WHAT YOU WILL DO:
Filter the records below for the word "film". Copy each line that holds it.

EXERCISE MATERIALS:
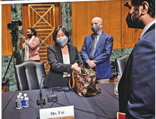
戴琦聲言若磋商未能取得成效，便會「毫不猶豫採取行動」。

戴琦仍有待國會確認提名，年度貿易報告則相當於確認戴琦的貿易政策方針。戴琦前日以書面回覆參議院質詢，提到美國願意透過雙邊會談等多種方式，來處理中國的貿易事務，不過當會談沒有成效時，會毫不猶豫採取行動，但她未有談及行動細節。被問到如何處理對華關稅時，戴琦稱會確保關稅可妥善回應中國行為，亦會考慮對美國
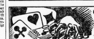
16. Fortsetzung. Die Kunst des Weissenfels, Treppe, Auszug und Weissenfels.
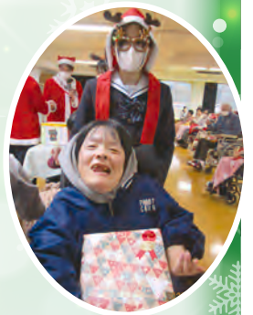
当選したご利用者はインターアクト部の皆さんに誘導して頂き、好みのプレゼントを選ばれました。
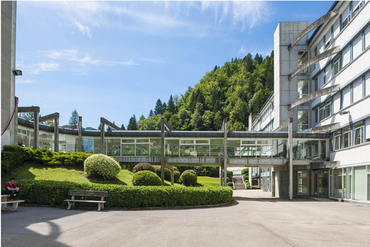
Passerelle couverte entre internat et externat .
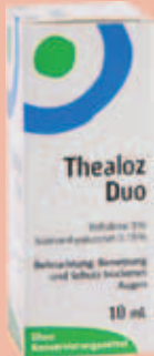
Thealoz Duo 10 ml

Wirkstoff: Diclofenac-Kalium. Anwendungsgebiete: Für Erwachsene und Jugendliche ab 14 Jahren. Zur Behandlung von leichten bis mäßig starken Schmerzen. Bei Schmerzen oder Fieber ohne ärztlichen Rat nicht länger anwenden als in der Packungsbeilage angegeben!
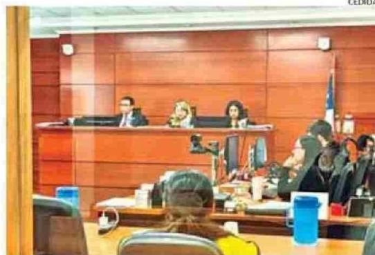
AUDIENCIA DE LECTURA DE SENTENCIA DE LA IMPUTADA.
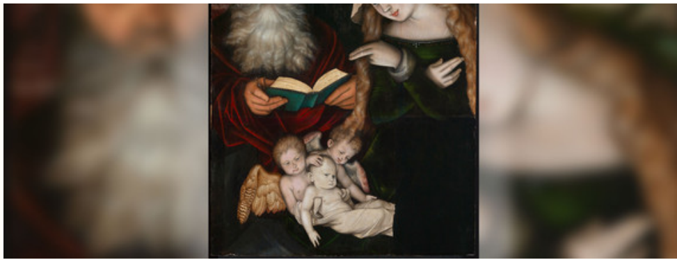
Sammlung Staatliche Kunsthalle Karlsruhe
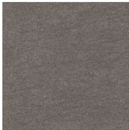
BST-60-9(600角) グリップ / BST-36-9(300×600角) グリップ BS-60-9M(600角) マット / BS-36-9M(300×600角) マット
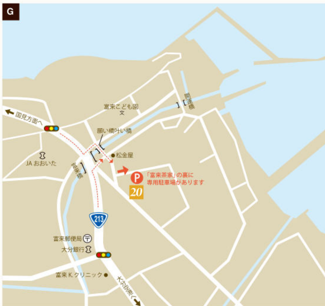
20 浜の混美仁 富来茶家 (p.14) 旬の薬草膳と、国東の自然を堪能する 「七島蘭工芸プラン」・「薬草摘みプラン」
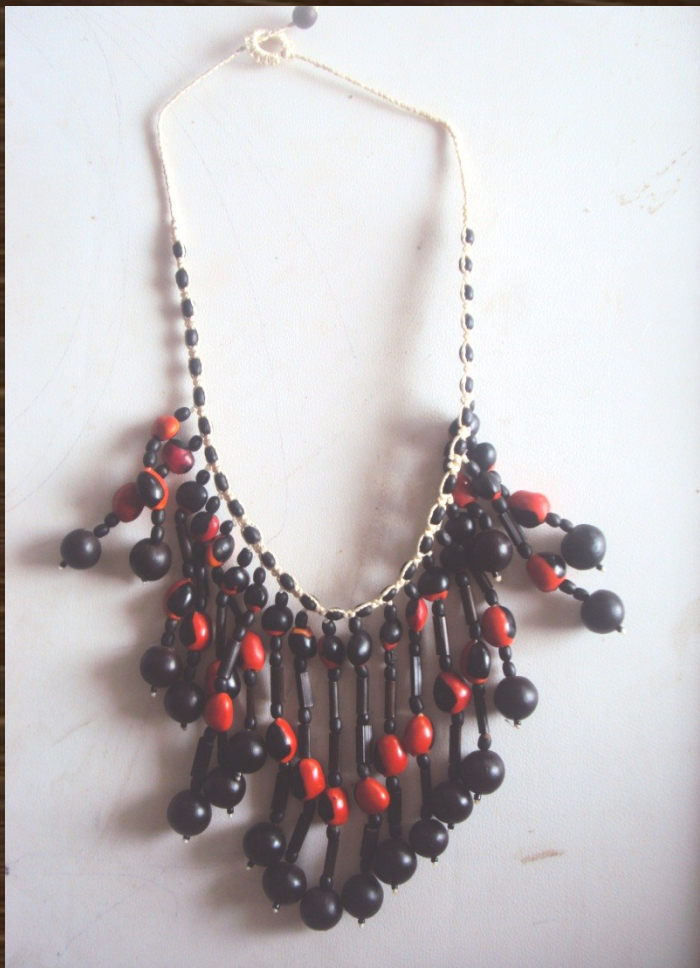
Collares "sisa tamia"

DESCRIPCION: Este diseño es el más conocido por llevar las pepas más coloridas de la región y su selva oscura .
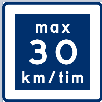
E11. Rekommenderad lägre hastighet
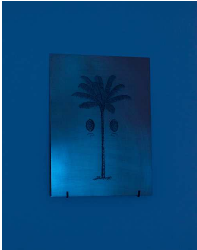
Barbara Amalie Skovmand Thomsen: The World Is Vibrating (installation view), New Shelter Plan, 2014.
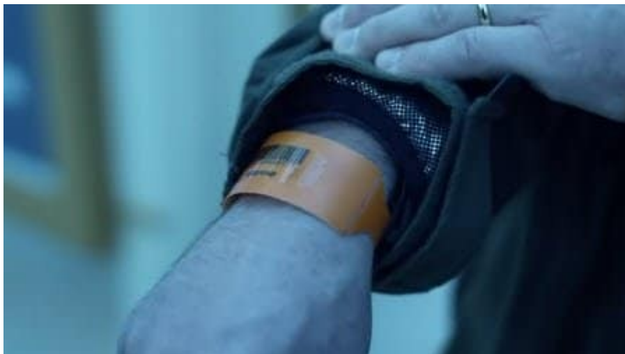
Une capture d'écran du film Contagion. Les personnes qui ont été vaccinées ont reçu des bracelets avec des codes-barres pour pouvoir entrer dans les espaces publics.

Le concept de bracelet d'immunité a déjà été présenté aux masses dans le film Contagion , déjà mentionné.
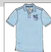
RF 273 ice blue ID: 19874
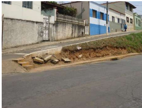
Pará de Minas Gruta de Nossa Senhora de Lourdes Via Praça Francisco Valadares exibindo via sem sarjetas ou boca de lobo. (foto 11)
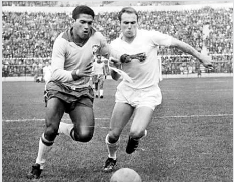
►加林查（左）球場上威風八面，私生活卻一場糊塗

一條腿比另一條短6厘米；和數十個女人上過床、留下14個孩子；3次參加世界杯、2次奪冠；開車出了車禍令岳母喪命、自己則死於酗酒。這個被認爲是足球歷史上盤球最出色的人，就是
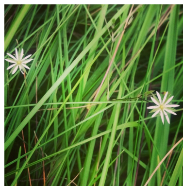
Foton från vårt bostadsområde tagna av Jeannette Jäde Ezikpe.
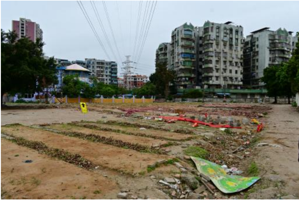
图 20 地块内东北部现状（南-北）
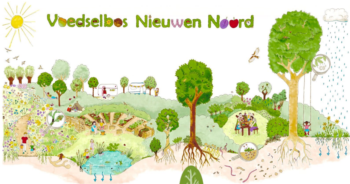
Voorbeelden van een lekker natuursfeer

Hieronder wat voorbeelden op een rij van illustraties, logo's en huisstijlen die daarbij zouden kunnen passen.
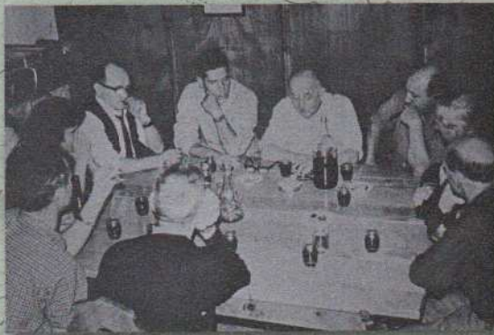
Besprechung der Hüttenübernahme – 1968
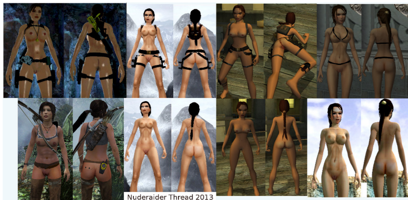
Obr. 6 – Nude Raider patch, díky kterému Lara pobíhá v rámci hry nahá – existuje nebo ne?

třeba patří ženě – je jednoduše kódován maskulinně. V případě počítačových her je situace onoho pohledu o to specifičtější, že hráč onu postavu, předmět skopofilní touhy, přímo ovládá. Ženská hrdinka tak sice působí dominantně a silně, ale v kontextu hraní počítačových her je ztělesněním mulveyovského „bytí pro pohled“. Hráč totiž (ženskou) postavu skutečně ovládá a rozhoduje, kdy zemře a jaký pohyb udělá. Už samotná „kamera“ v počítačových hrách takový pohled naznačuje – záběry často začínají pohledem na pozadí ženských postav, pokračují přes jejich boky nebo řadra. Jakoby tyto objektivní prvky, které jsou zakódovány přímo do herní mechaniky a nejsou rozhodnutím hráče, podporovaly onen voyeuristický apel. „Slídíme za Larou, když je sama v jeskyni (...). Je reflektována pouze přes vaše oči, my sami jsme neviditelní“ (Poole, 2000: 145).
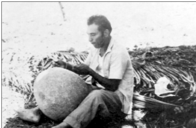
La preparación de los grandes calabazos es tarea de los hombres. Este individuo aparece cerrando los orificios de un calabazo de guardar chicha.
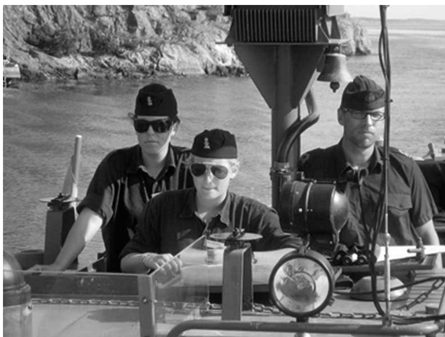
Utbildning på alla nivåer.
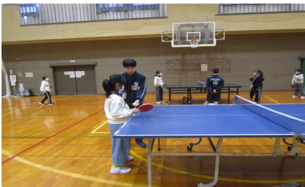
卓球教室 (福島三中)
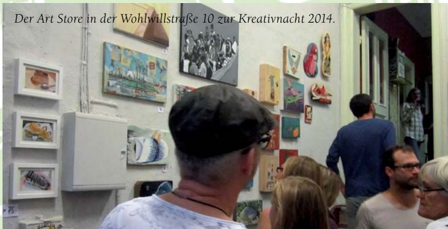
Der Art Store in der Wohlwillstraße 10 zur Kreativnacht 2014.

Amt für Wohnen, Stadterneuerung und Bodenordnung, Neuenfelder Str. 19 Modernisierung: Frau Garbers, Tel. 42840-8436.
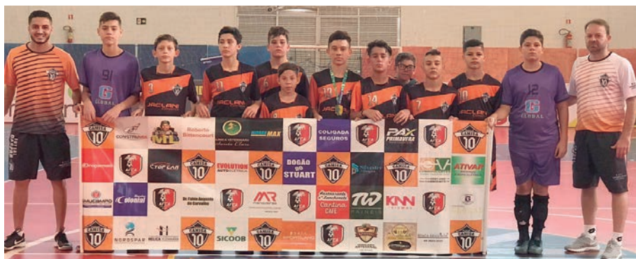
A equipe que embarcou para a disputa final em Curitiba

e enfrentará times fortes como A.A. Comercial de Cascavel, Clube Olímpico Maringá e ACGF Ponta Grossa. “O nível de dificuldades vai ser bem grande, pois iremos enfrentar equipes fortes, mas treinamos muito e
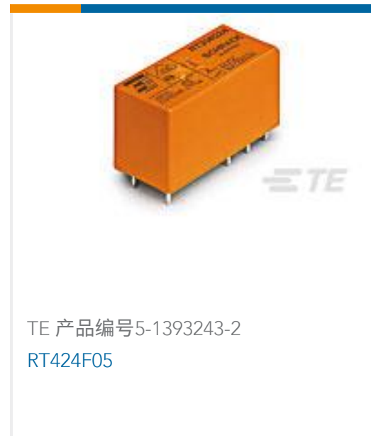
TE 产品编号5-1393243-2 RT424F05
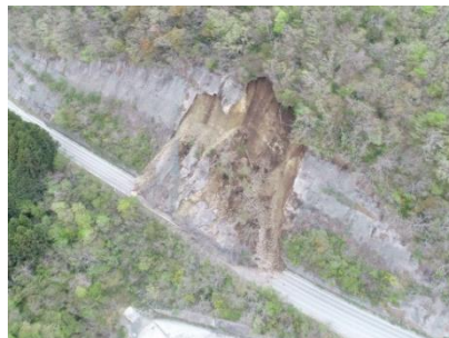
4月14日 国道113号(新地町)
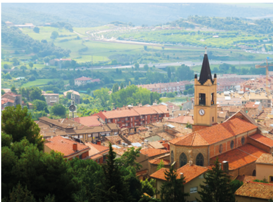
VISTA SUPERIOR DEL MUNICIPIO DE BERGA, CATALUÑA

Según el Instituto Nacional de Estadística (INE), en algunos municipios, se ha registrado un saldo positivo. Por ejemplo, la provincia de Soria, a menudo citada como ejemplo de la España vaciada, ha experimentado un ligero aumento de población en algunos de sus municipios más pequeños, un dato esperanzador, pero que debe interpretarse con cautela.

RESPONSE FOR THIS EXERCISE:
Une capture d'écran du film Contagion. Les personnes qui ont été vaccinées ont reçu des bracelets avec des codes-barres pour pouvoir entrer dans les espaces publics.
Le concept de bracelet d'immunité a déjà été présenté aux masses dans le film Contagion , déjà mentionné.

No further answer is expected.